● Exercise details:
Everything in the listing below must be reproduced exactly, apart from its images.

● Source data:
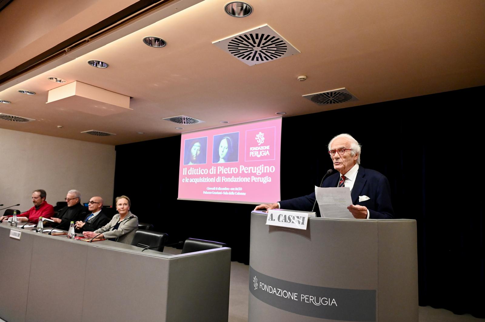 Durante l’incontro sono intervenuti Alcide Casini, Presidente di Fondazione Perugia; Francesco Federico Mancini, storico dell’arte; Antonio Natali, storico dell’arte; Gianluca Poldi dell’Università degli Studi di Udine; Vittoria Garibaldi, storico dell’arte. Gli interventi hanno ricostruito il percorso storico, critico e diagnostico del dittico composto dalle due tavole raffiguranti Cristo coronato di spine e la Vergine, attribuite al Perugino e acquisite all’asta Dorotheum di Vienna del 22 ottobre 2024.
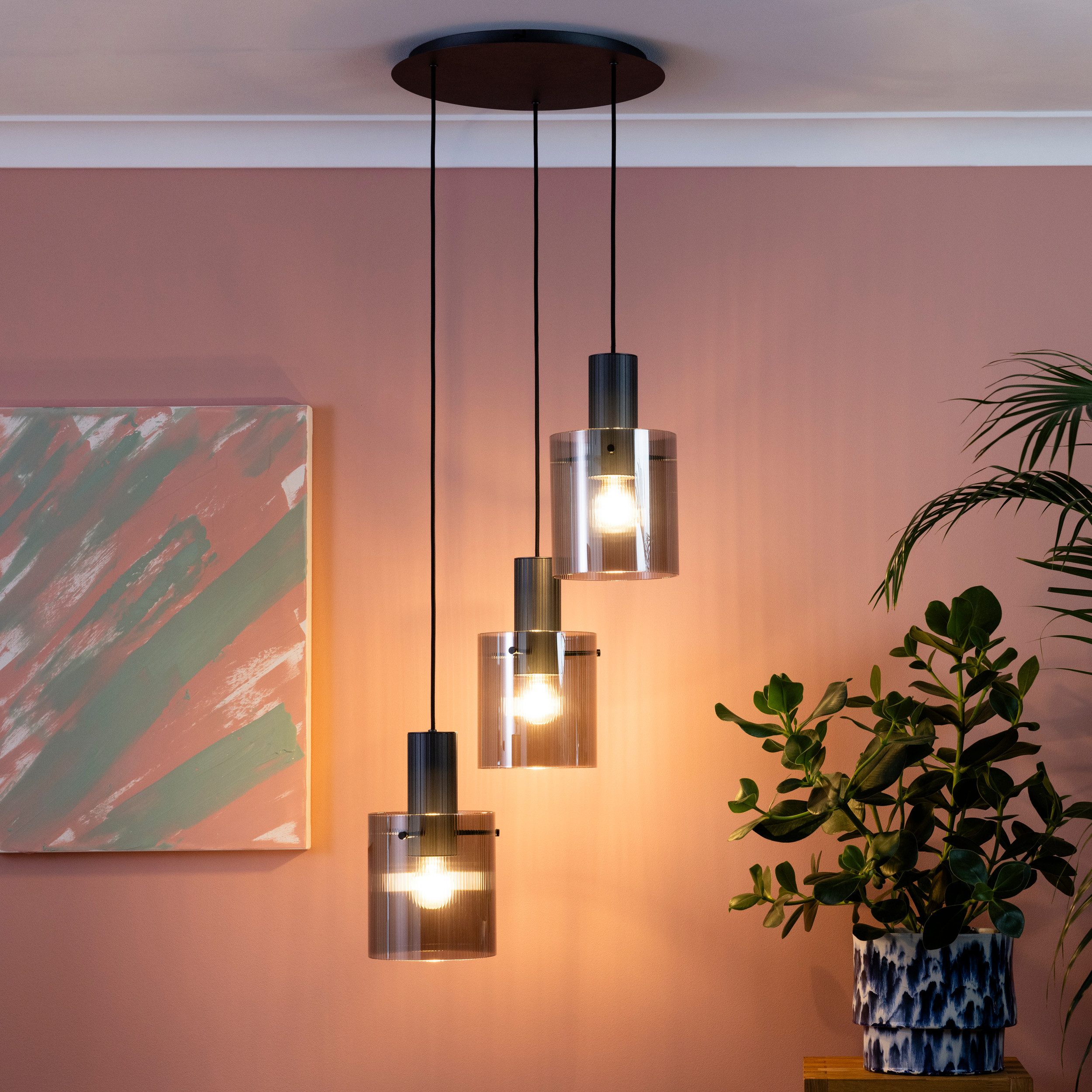 Dymane szklane klosze zapewniają przyjemną i ciepłą atmosferę. Rozproszone światło, wpadające przez przyciemniane klosze, tworzy przytulną i zachęcającą atmosferę, idealną do salonu, jadalni lub kuchni. Harmonijne rozmieszczenie trzech kloszy gwarantuje równomierne oświetlenie pomieszczenia bez efektu olśnienia.
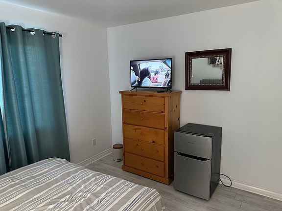 Private Room located upstairs in corner wing of home with large closet, new television and full size bed. It also includes a mini fridge for private use. Brand new renovated flooring. Private Bathroom, shower and tub included. Access to full size kitchen and washer and dryer. Parking is available on site or street parking which ever you would prefer.

● Expected answer:
 Durante l’incontro sono intervenuti Alcide Casini, Presidente di Fondazione Perugia; Francesco Federico Mancini, storico dell’arte; Antonio Natali, storico dell’arte; Gianluca Poldi dell’Università degli Studi di Udine; Vittoria Garibaldi, storico dell’arte. Gli interventi hanno ricostruito il percorso storico, critico e diagnostico del dittico composto dalle due tavole raffiguranti Cristo coronato di spine e la Vergine, attribuite al Perugino e acquisite all’asta Dorotheum di Vienna del 22 ottobre 2024.
 Dymane szklane klosze zapewniają przyjemną i ciepłą atmosferę. Rozproszone światło, wpadające przez przyciemniane klosze, tworzy przytulną i zachęcającą atmosferę, idealną do salonu, jadalni lub kuchni. Harmonijne rozmieszczenie trzech kloszy gwarantuje równomierne oświetlenie pomieszczenia bez efektu olśnienia.
 Private Room located upstairs in corner wing of home with large closet, new television and full size bed. It also includes a mini fridge for private use. Brand new renovated flooring. Private Bathroom, shower and tub included. Access to full size kitchen and washer and dryer. Parking is available on site or street parking which ever you would prefer.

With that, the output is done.